Calculations involving masses Flashcards
How do we calculate the Mr of a compound
Add up the Ar of all the elements then multiply it by the stoichiometric coefficient BUT FOR CALCULATING MOLES YOU USE THE AR NOT MR SO YOU DONT MULTIPLY
Calculate the formulae of simple compounds from reacting masses or percentage composition if given their masses and understand that these are empirical formulae
- an empirical formula gives the simplest whole number ratio of atoms of each element in the compound
- to find empirical formula from reacting masses first separate each of the elements, then do the mass/Ar to find the moles. Then find which element has the lowest number of moles. Then divide each of the number of moles by the smallest number of moles. That gives the ratio of the compound. Ie: if the ratio is 1:2 then the first element in the compound has just one of it but the 2nd element has 2 of it.
How do you deduce the molecular formula out of the empirical formula given the Mr of the product
Find the Mr of the empirical formula
Divide the Mr of the product by Mr of the empirical formula
Times that number by all the numbers of how many of each element there are in the empirical formula (ie: if the result is 2 and the empirical formula is C2H3O then the molecular formula is C4H6O2)

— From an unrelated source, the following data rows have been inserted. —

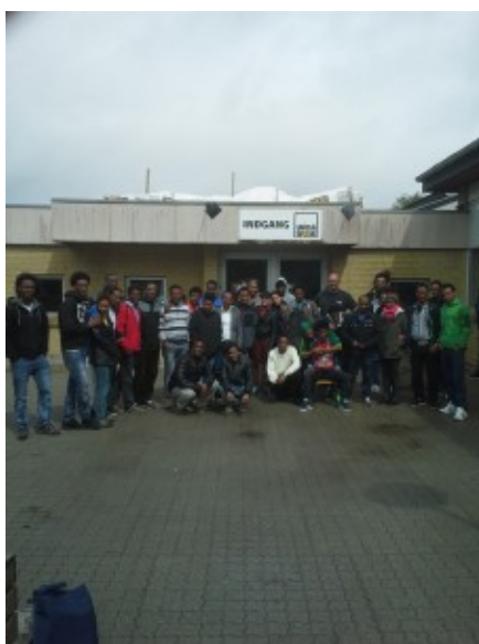
Holdet på Langaa Skole
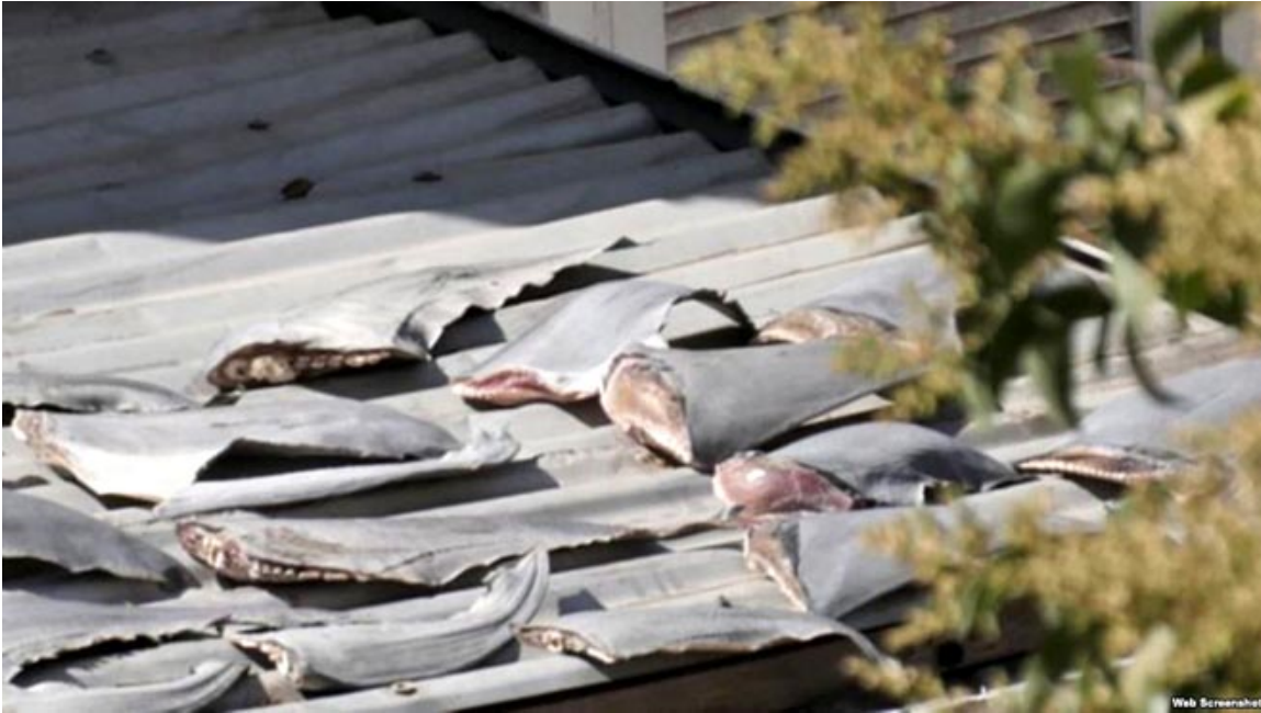
Vi cá phơi trên nóc nhà ông ĐSQ Việt Nam ở Chile, Nam Mỹ
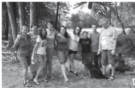
Krkavec 2013 – vodácký výlet

Těsně před letošními letními prázdninami odjela na několik dní do malebné přírody Jižních Čech, kde si kromě spousty jiných aktivit také sjela vodu na raftech. Aktivit tohoto sdružení je opravdu mnoho a vypsat všechny by vydalo na samostatný článek. Všichni, kdo se podílejí na jejich organizaci a samotné realizaci, patří k našim dalším andělům.
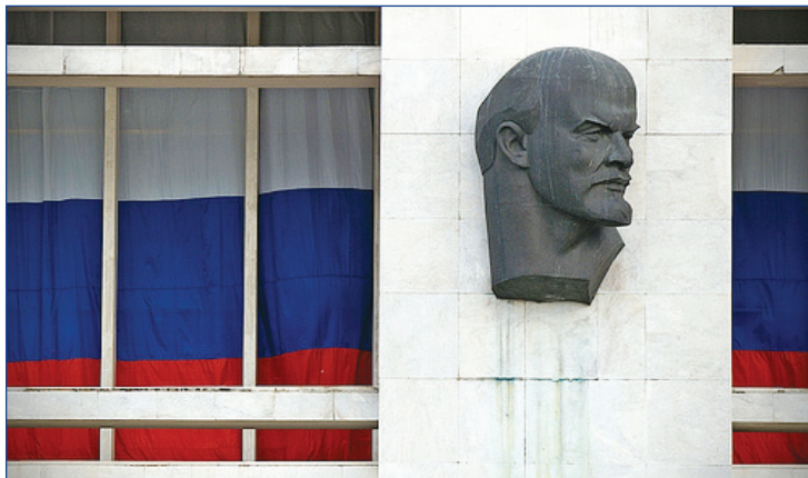
Новый флаг повесили, пока Ленин отвернулся

Мне кажется, что избежать финансового кризиса в Ульяновске можно очень простым способом – надо просто перевезти туда мавзолей Ленина. Это, скорее всего, вызовет рост оптимизма, резко улучшит кармы и экономический рост.

Deduce and experiment to find out the empirical formula of Magnesium Oxide
● weigh some pure magnesium
● Heat magnesium to burning in a crucible to form magnesium oxide, as the magnesium will react with the oxygen in the air
● weigh the mass of the magnesium oxide
● Known quantities: mass of magnesium used & mass of magnesium oxide produced
● Required calculations:
○ mass oxygen = mass magnesium oxide - mass magnesium
○ moles magnesium = mass magnesium ÷ molar mass magnesium
○ moles oxygen = mass oxygen ÷ molar mass oxygen
○ calculate ratio of moles of magnesium to moles of oxygen
○ use ratio to form empirical formula
Explain the law of conservation of mass applied to:
a closed system including a precipitation reaction in a closed flask
a non-enclosed system including a reaction in an open flask that takes in or gives out a gas
● Law of conservation of mass: no atoms are lost or made during a chemical
reaction so the mass of the products = mass of the reactants
● With a precipitation reaction – precipitate that forms is insoluble and is a solid,
as all the reactants and products remain in the sealed reaction container then it
is easy to show that the total mass is unchanged
● Does not hold for a reaction in an open flask that takes in or gives out a gas,
since mass will change from what it was at the start of the reaction as some
mass is lost when the gas is given off
mass (__) = ___(mol) * ____
g
volume/amount
Ar/Mr (g/mol)
one mole of particles of a substance is defined as: the _____ ______ (_______ atoms, molecules, formulae or ions): number of particles of that substance and a mass of ‘relative particle mass’
Avogrado Constant
6.02*10^23
Calculate masses of reactants and products from balanced equations, given the mass of one substance
find moles of that one substance: moles = mass / molar
mass
● Use balancing numbers to find the moles of desired
reactant or product (e.g. if you had the equation:
2NaOH + Mg -> Mg(OH) 2 + 2Na, if you had 2 moles of
Mg, you would form 2x2=4 moles of Na)
● Mass = moles x molar mass(of the reactant/product) to
find mass
Recall that one mole of particles of a substance is defined
as:
the Avogadro constant number of particles (6.02 x 10 23 atoms,
molecules, formulae or ions) of that substance
and a mass of ‘relative particle mass’ g
Explain why, in a reaction, the mass of product formed is
controlled by the mass of the reactant which is not in excess
● In a chemical reaction with 2 or more reactants you will often use one in excess
to ensure that all of the other reactant is used
o The reactant that is used up / not in excess is called the limiting reactant
since it limits the amount of products
● if a limiting reagent is used, the amount reactant in excess that actually reacts is
limited to the exact amount that reacts with the amount of limiting reagent you
have, so you need to use the moles/mass of the limiting reagent for any
calculations
Deduce the stoichiometry of a reaction from the masses of
the reactants and products
● Stoichiometry refers to the balancing numbers in front of compounds/elements
in reaction equations
● Balancing numbers in a symbol equation can be calculated from the masses of
reactants and products:
○ convert the masses in grams to amounts in moles (moles = mass/Mr)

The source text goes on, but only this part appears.